When:
Thursday, April 20, 2017
6:00 PM - 7:30 PM CT
Where: Bookends & Beginnings , 1712 Sherman Avenue, Alley 1, Evanston, IL 60201
Audience: Faculty/Staff - Student - Public - Post Docs/Docs - Graduate Students
Cost: Free and open to the public
Contact:
Alex Michael Hobson
Group: Global Humanities Initiative (Buffett Institute)
Category: Lectures & Meetings
Join us at Evanston's Bookends & Beginnings for a discussion and reading with professors Michael Emmerich and Phyllis Lyons.

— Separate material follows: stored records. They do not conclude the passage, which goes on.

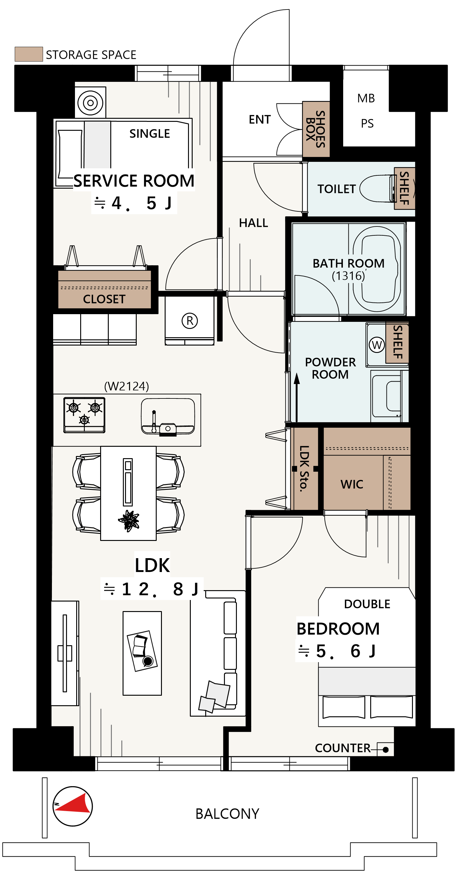 1SLDK+W
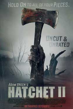 Actually I think I’m in a cheery mood because I just came in from watching Adam Green’s “Hatchet 2” & althought the movie was no great shakes (more on that in a second) I was the only one in the theatre! HOO BOY!! I love being alone in a bijou watching a movie. It’s like having your own 200 seat screening room with a booming sound system. Of course I was probably the only one there because nobody has heard about this movie more than likely or maybe they’ll be around tonight. But since the movie is getting a token unrated release before it’s DVD/VOD debut shortly it’s probably easier for those who want to see it to just wait. But I have to wonder: Why release any film unrated nowadays? Even if it’s only for a week or so? I mean no one is going to accept advertising for an unrated movie nowadays, no radio spots, commercials or newspaper ads for unrated movies nowadays.
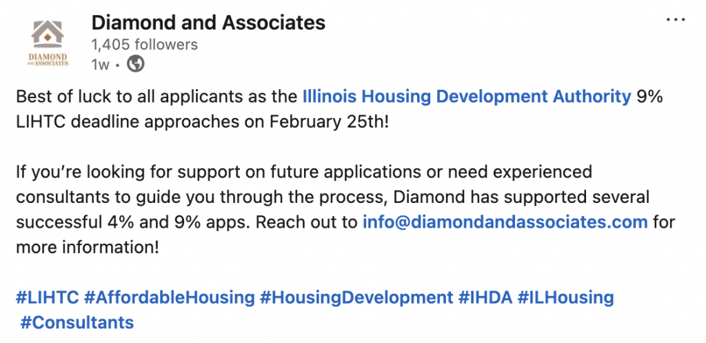 As a Marketing Intern (Jan 2026-Present) at Diamond & Associates, a consulting firm supporting the development of affordable housing for seniors, families, and individuals requiring additional support, I lead the development, pitch, and implementation of an original marketing and communications plan to expand the firm’s public presence. I write, design, and schedule weekly LinkedIn content with original visuals and messaging, offer strategic recommendations to strengthen brand visibility, and coordinate physical merchandising for conference tabling. I also produce professional documents and presentations that support team operations and outreach efforts.
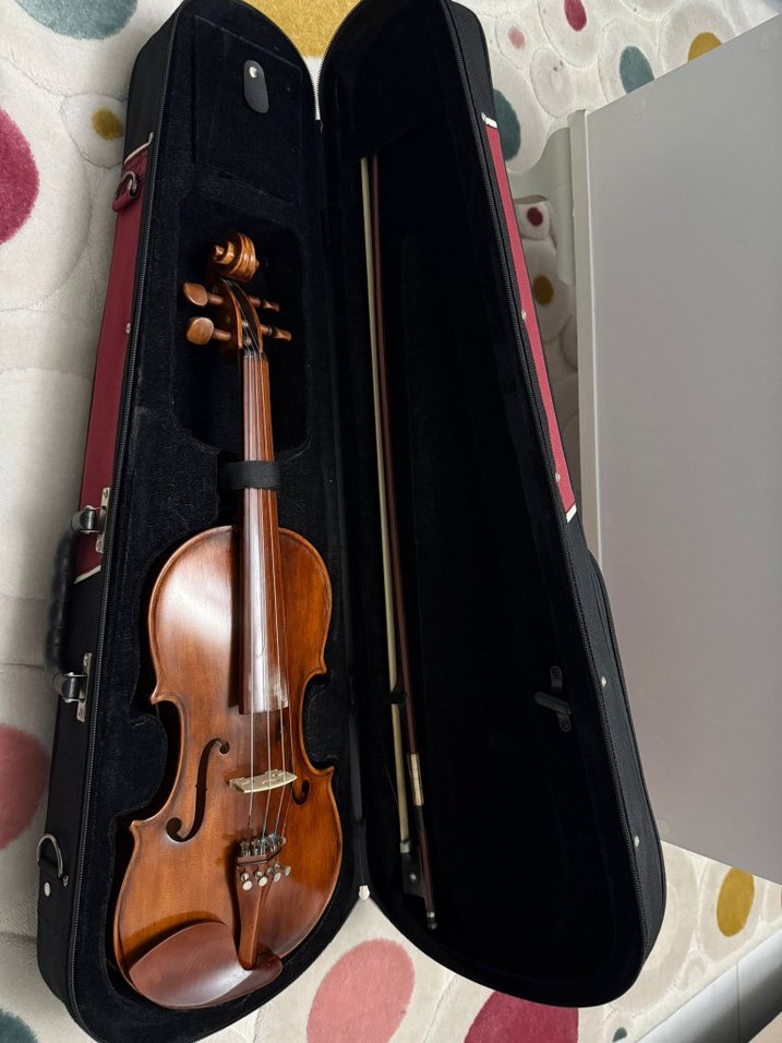 Satılık 4/4 Keman –Çanta + Yay + Teller Dahil kemanım, profesyonel luthier (keman ustası) tarafından revize edilmiş, sahne ve eğitim kullanımı için ideal bir enstrümandır. El işçiliği ve doğal malzeme kalitesiyle öne çıkan bu keman, kesinlikle fabrikasyon ürünlerle karıştırılmamalıdır. Boyut 4/4 (Tam boy) – yetişkin kullanımı için uygundur Gövde Ön ve arka kapaklar ladin ağacı – rezonans ve ses kalitesi yüksek Çenelik & Tuşe Gül ağacı – hem estetik hem dayanıklı Burgular Gül ağacı – hassas akort imkanı yay Tam yay – dengeli çekiş ve hassas tepki teller Yeni takılmıştır – çalmaya hazır Usta tarafından yapılmış; köprü, eşik, burgular ve ses ayarları tamam Ton Karakteri: Sıcak, dengeli ve rezonansı güçlü. Hem solo performanslar hem de grup çalışmaları için uygundur.Bu keman, seri üretim değil; el yapımı revize bir kemandır. Malzeme kalitesi ve işçilik açısından uzun ömürlü ve müzikal açıdan tatmin edici bir enstrümandır.
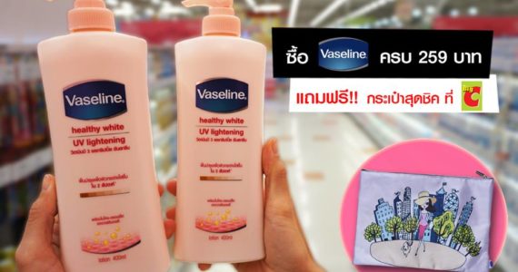 ซื้อผลิตภัณฑ์ Vaseline ครบ 259 บาท ? แถมฟรี!! กระเป๋าวาสลีนสุดชิค! ? และ ห้ามพลาดกับ สินค้าจาก วาสลีน แบรนด์อันดับ 1 เพื่อผิวกระจ่างใส ลดสูงสุด 33% ดั…

A professor of Japanese literature at UCLA, Michael Emmerich is the author of The Tale of Genji: Translation, Canonization, and World Literature (Columbia University Press, 2013) examines the role that translations of Genji monogatari (The Tale of Genji) into early-modern and modern Japanese, and into English and other languages, have played in creating images of the tale over the past two centuries—reinventing it as a classic of both national and world literature. He is currently working on a project that explores the concept of “translation” as it relates to Japan and to various forms of the Japanese language. He is the author of more than a dozen book-length translations of works by writers such as Kawabata Yasunari, Yoshimoto Banana, Takahashi Gen’ichirō, Akasaka Mari, Yamada Taichi, Matsuura Rieko, Kawakami Hiromi, Furukawa Hideo, and Inoue Yasushi.
Phyllis Lyons is a Professor Emeritus of the Department of Asian Languages and Cultures at Northwestern University. Lyons' area of specialization is modern Japanese fiction; she has published a study of the novelist Dazai Osamu (1909-1948), and is currently translating short novels by Tanizaki Jun'ichirù (1886-1965).